He has no history of significant medical conditions. He does not drink, smoke, or use recreational drugs. He is not taking any prescription medications and has not been using nonsteroidal anti-inflammatory drugs (NSAIDs) or combination analgesics. He does not have a family history of kidney disease.

Physical examination. He appears relaxed and comfortable. He does not have nasal polyps or signs of pharyngeal inflammation. He has no apparent lymphadenopathy. His breath sounds are normal without rales or wheezes. Cardiac examination reveals a regular rhythm, with no rub or murmurs. The abdomen is soft and nontender with no flank pain or groin tenderness. The skin is intact with no rash or nodules.

  • Temperature 98.4ºF (36.9ºC)
  • Blood pressure 125/70 mm Hg
  • Heart rate 102 beats per minute
  • Respiratory rate 19 per minute
  • Oxygen saturation 99% while breathing room air
  • Weight 194 lb (88 kg)
  • Body mass index 28 kg/m2.
Patient’s laboratory test results at presentation

Laboratory testing (Table 1) reveals severe renal insufficiency with anemia:

  • Serum creatinine 9 mg/dL (reference range 0.5–1.2)
  • Estimated glomerular filtration rate (eGFR) 8 mL/min/1.73m2 (using the Modification of Diet in Renal Disease Study equation).

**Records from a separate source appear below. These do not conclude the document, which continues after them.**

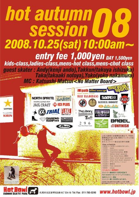 イベントします。 キッズはランプセッション! レディース・メンズは BOWLセッション! 協賛社さん・各メーカーさん・各ショップさんから豪華景品当たりますよ! イベント終了後には、打ち上げを焼き肉北光園さんで行います。 スケートしないけど、肉だけでもの人達もOKです。 イベントエントリー&打ち上げエントリー受付中です。 是非!
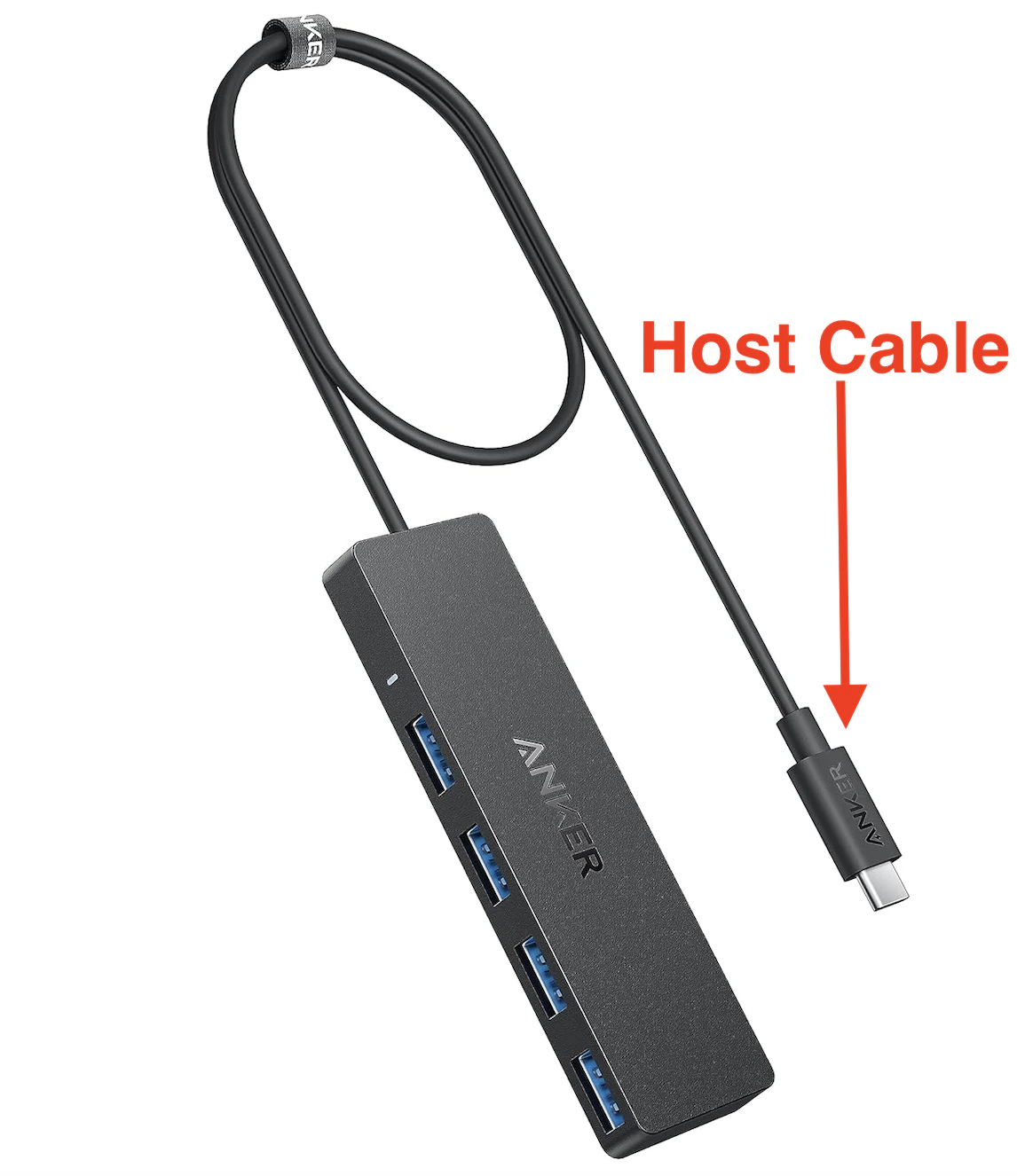 The host cable is the main cable that connects all other peripherals to the Mac Mini. It is the only cable that is permanently attached to the USB hub.
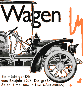 renommierte Marken, darunter Dixi, überstan- den. Sie führten einen erbitterten Konkurrenz- kampf untereinander und gegen ausländische Unternehmen, insbesondere gegen die mono- polisierte nordamerikanische Automobilindu- strie, wo Ford schon vor dem Kriege die Fließ- bandfertigung eingeführt hatte. Die Rückstän- digkeit der deutschen Automobilindustrie of- fenbarte sich auf dem technologischen Sektor. Für erforderliche Investitionen fehlten einerseits eigene Finanzierungsmittel, andererseits ver- weigerte das Großkapital Kredite wegen man- gelnder Rentabilitätsnachweise. Automobil- werke wurden Schacherobjekte, und Dixi geriet mit der Gothaer Waggonfabrik unter den Ein- fluß des Börsenspekulanten Schapiro. Nur zögernd kamen - allgemeingültig für die damals existierenden deutschen Automo- bilwerke - Modernisierungen in der Fabrika- tion zustande. Die Folge war Überproduktion. Automobile mußten unter Listenpreis verkauft werden, das Wechselgeschäft blühte auf, aus- ländische Wagen wurden billiger angeboten. Die Krise spitzte sich zu. In Eisenach war inzwischen die Fertigung modernisiert worden. Man konnte relativ kosten- günstig fabrizieren. Überdies stellten die gro- ßen Dixi-Wagen infolge ihrer Qualitätsmerk- Ganzseitiges Zeitschrifteninserat von 1914 (Bild links). Den Dixi DA 1 (rechts) gab es viersitzig als offenen Wagen mit Verdeck und als Limousine. Gebaut wurde aber auch dieses zweisitzige Coupé. |
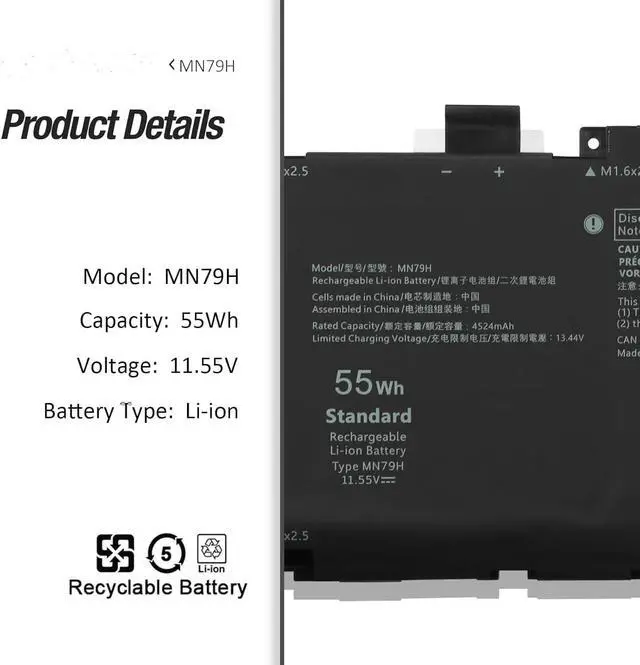 55Wh MN79H Compatible for Dell XPS 13 Plus 9320 XPS 13 9340 Series P151G P151G001 P151G002 Intel Core Ultra 5 125H 7 155H 165H 12th Gen i5-1240P i7-1260P J7H5M NXRKW 0NXRKW 0MN79H 0J7H5M
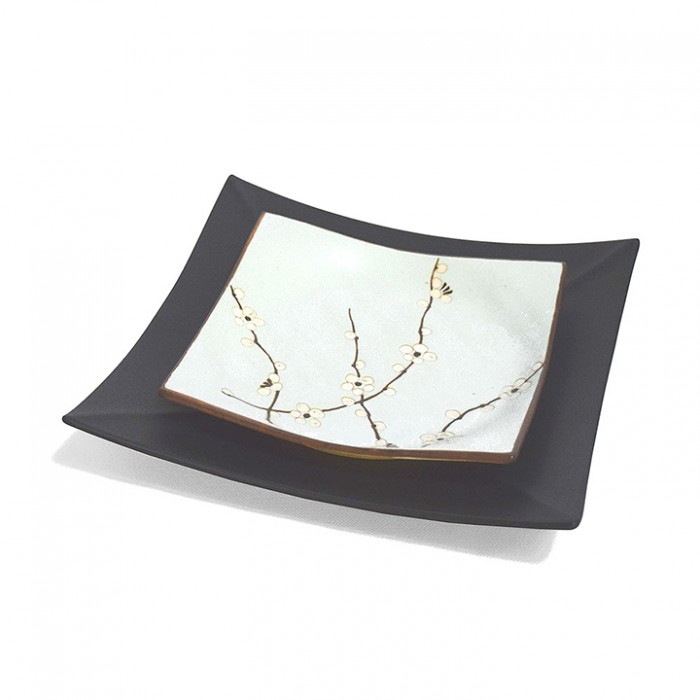 L'assiette carrée japonaise est pratique pour des présentations plus géométriques, mais elle garde son aspect traditionnel de branches et de fleurs sur une tonalité menthe à l'eau.
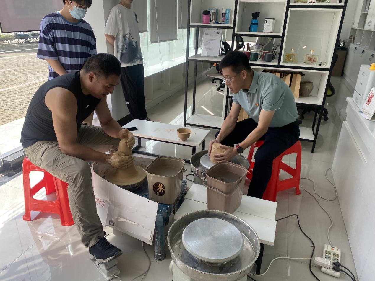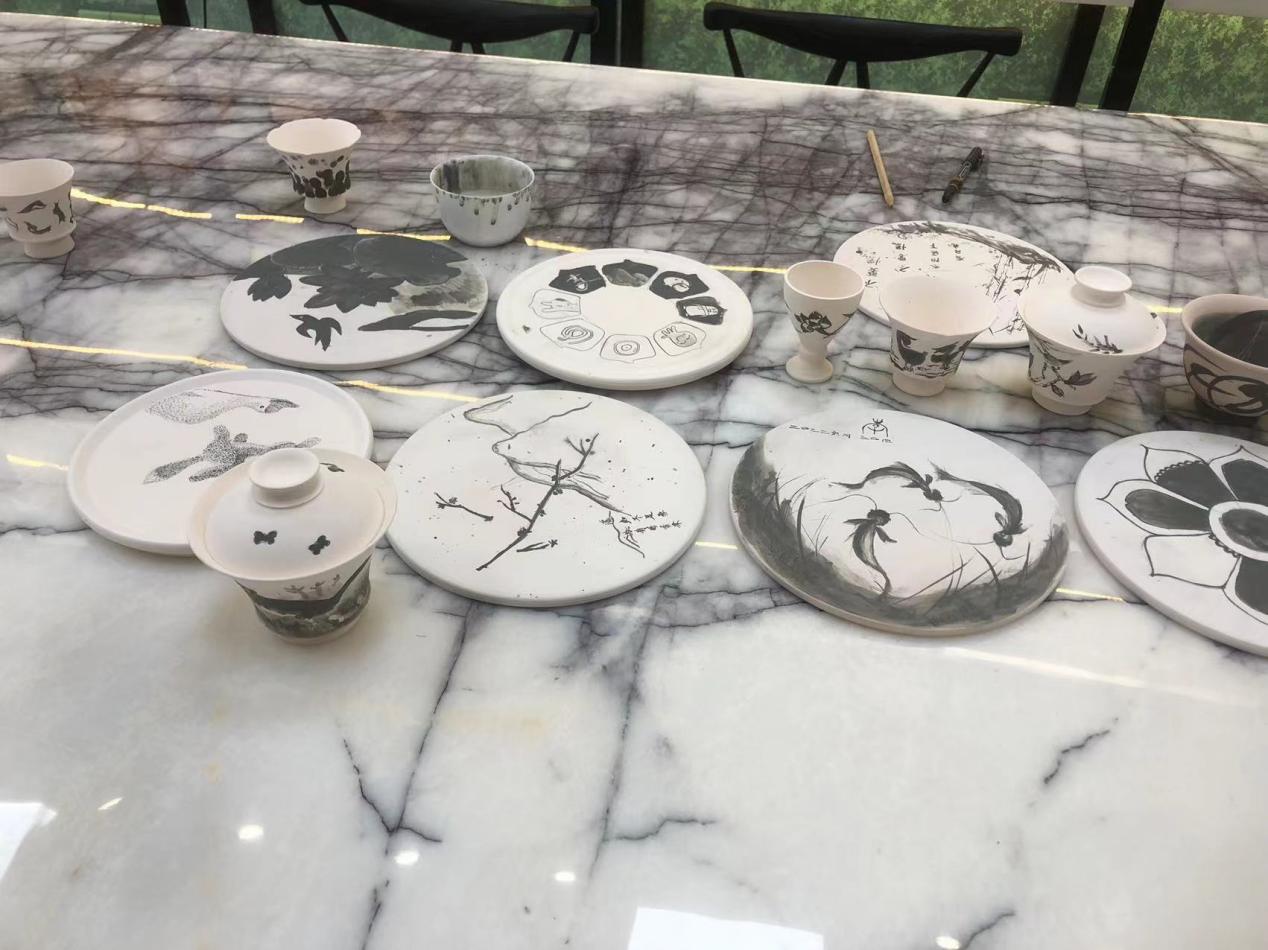 活动开始由陶艺专家专家对釉料属性、运笔方式、画面构图等进行示范讲解,对器皿拉坯与青花瓷盘面绘制进行现场教学,师生们全神贯注、认真听讲。师生们以庆祝建党101周年、喜迎二十大为主题,各自创作青花瓷绘制作品。
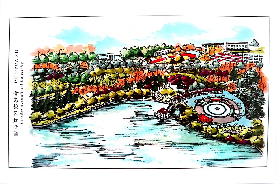 近日,应青岛农业大学校友办之邀,园林与林学院学子精心绘制了一套校园风光专题明信片,他们利用专业技能,手绘出虹子广场、虹子湖、莱阳校区等十三处标志性建筑,制作成精美的明信片,成为颇受师生喜爱的校园文化产品。
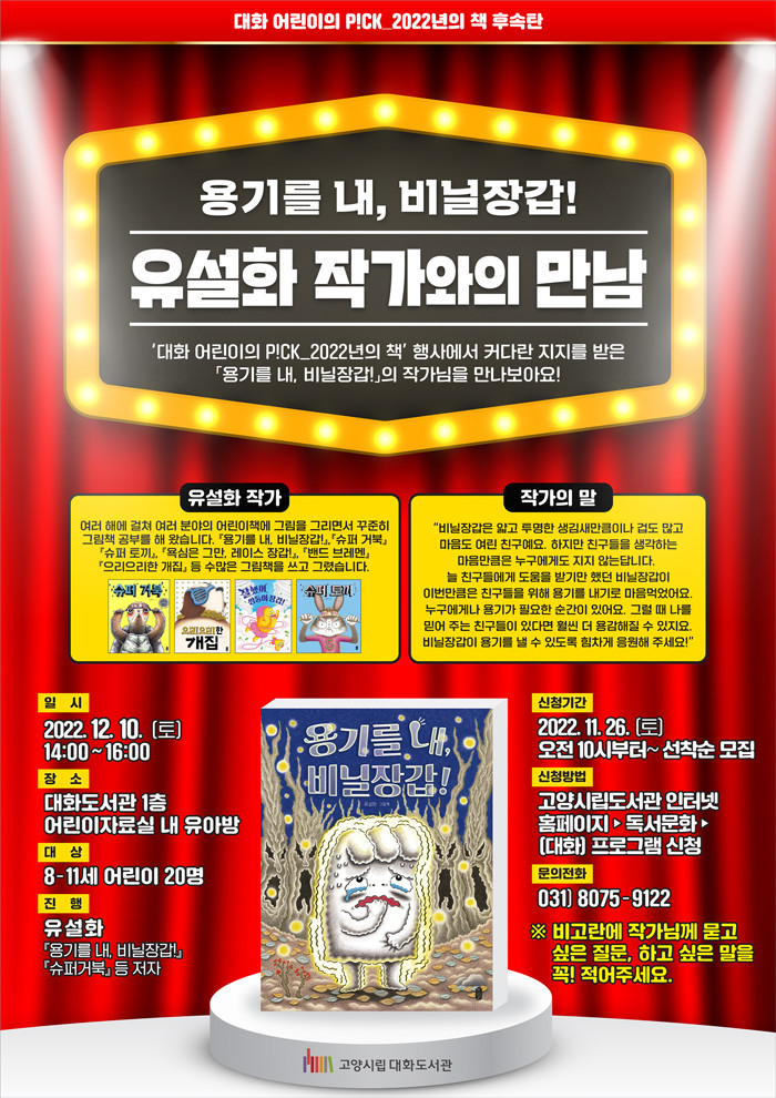 [부자동네타임즈 김인수기자] 고양특례시(시장 이동환) 대화도서관이 오는 12월 10일(토), 어린이자료실에서 용기를 내, 비닐장갑!의 저자 유설화 작가와의 만남을 진행한다.

His serum calcium level is normal, but his serum phosphorus is 5.3 mg/dL (reference range 2.5–4.6), and his parathyroid hormone level is 317 pg/mL (12–88), consistent with hyperparathyroidism secondary to chronic kidney disease. His 25-hydroxyvitamin D level is less than 13 ng/mL (30–80), and angiotensin-converting enzyme (ACE) is 129 U/L (9–67 U/L). His urinary calcium level is less than 3.0 mg/dL.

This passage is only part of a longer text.